Tom Priscott | FX and Interest Rate Trader

The dollar stopped a six-month losing streak in July, but is that just a port in the storm for the USD?

Monthly FX market report - August 2025 PDF 3.86 MB

The USD gained throughout July...

..breaking out of its downward trend channel. EURUSD and GBPUSD had previously both reached three-year highs, of 1.1829 and 1.3789 respectively. The reasons for the dollar’s rally are three-fold: 1) profit-taking on what was a quick move lower in the USD; 2) some trade deals being agreed, reducing trade policy uncertainty somewhat; and 3) reduced bets on interest rate cuts from the Federal Reserve (Fed). Forecasts remain for the USD to weaken in the medium term, but as investors rebalance their portfolios through the summer it seems some short-term dollar-selling has been unwound. Meanwhile on the tariff front, given the USD’s sharp declines in the wake of Liberation Day, it makes some sense that it pulled a bit back as trade deals were agreed.

 

Still, some ‘uncertainty scarring’ effects remain for the dollar

The chart to the right shows that EURUSD’s correlation with interest rate differentials broke down in April, with strong USD aversion causing a sharp rally in the world’s most traded pair. A key question for the market is whether that gap is closed as Trump’s term progresses, if uncertainty continues to diminish, or whether dollar holdings are reduced further and the gap widens. In any case, the USD’s gains on interest rate differentials have been impacted by the latest US labour market report, where revisions to past data saw jobs undershoot expectations by an aggregate of 289,000 over the past three months.

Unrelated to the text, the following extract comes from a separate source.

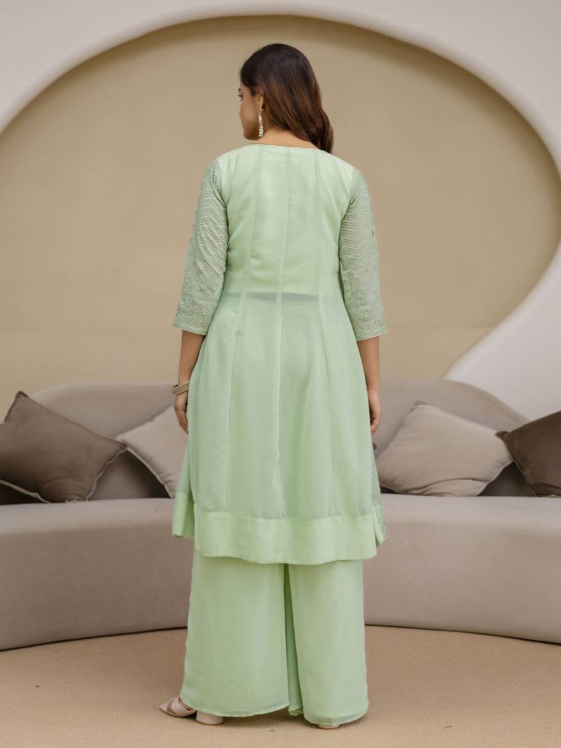 | Product Name | Women's Georgette Embroidery Work Front Slit Kurta Palazzo With Dupatta For Women | |

The market now has its money on a Fed rate cut in September, but we have a few more important data releases before then.

 

EURUSD decouples from interest rates in response to Trump’s policies 
 

EURUSD decouples from interest rates in response to Trump's policies


Sources: Bloomberg, Macrobond, Investec

 

Tom Priscott
Tom Priscott, FX Trader

A key question for the market is whether that gap is closed as Trump’s term progresses, if uncertainty continues to diminish, or whether dollar holdings are reduced further and the gap widens.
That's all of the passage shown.